Una mostra nel capolavoro di Le Corbusier dissemina oggetti di design lungo la promenade architecturale
POISSY (FRANCIA). Se oggi si pensa al rapporto tra natura e architettura, la prima cosa che viene in mente è la realizzazione di progetti eco-sostenibili, dettati quindi dall’alto, dalla necessità dei tempi, mentre in passato spesso ha riguardato il mero impiego di effetti decorativi o di vera e propria replicazione della natura; ma la stessa può riguardare, invece, la sensibilità del progettista dall’interno, la sua capacità di entrare in relazione con la natura come terreno di confronto, di incontro e di possibili proficui scambi.
Pezzi di arredo che generano nuove connessioni
È questo il caso della mostra Natures intérieures all’interno di una delle opere più emblematiche del Novecento, la Villa Savoye (1928) di Le Corbusier, dove la natura era parte integrante della villa e accompagnava gli abitanti da un piano all’altro lungo la promenade architecturale, un dispositivo esso stesso a metà tra natura e artificio che rendeva il congiungimento con la natura un genere di staffetta intimista tra un ritaglio di cielo, un’oasi terrazzata, l’eco di un benessere complessivo che alitava nelle stanze della villa e invitava a respirare a pieni polmoni, regalando infine l’emozione di staccarsi (ma non troppo) dai muri intonacati di bianco per girovagare sul tetto giardino, una sorta di angolo di paradiso fatto a misura per gli abitanti, individui metropolitani e vacanzieri occasionali.

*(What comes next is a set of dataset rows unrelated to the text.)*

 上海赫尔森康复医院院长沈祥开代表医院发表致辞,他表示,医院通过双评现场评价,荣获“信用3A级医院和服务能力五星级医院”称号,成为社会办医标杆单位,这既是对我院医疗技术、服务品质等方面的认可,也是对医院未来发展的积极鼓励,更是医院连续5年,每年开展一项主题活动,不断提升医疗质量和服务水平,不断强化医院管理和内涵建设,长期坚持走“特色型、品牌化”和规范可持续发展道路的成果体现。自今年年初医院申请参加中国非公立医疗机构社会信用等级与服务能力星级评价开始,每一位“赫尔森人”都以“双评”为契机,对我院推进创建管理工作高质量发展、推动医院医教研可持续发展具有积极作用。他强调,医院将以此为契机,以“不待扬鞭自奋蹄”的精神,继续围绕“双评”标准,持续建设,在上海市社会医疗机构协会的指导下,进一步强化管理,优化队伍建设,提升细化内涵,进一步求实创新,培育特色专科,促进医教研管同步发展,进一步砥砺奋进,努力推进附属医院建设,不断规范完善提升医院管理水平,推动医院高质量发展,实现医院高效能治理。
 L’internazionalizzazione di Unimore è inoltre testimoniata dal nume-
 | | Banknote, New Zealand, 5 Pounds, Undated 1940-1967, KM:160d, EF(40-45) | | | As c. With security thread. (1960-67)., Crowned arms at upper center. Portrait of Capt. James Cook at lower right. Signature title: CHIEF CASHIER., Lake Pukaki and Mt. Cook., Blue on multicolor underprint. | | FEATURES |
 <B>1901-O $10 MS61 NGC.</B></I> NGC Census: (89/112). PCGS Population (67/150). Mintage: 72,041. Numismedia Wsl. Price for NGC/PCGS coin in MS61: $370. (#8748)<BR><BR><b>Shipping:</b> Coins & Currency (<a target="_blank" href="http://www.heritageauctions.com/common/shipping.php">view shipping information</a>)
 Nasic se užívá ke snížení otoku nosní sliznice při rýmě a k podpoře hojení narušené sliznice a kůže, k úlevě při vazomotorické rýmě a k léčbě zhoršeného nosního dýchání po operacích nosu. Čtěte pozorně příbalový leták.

Promenade che nella mostra è ora affiancata da eloquenti sentieri del design – sedie, lampade, stoviglie, vasi, mobili, opera di designer emblematici provenienti dalla collezione del Centre national des arts plastiques – che fanno eco al desiderio di Le Corbusier di imprimere la natura nella villa.
Ogni progetto esposto, infatti, rimarca il nostro congiungimento con la natura in modo quasi sempre poetico (fanno parte della mostra anche i noti objets à réaction poétique del maestro) perché la natura non è sovraesposta ma intimamente vissuta dai progettisti nelle sembianze di un ricordo, di un’attitudine mentale, o di una sensazione.
Una presenza che si fa collezione, e relazione
Come spiega la curatrice Céline Saraiva, responsabile della collezione Arti decorative, Design e Artigianato del Cnap: “Non si è trattato di scegliere gli oggetti per arredare gli ambienti della villa, ma di immaginare una presenza, un invito ad entrare nell’opera di Le Corbusier attraverso le nostre collezioni”.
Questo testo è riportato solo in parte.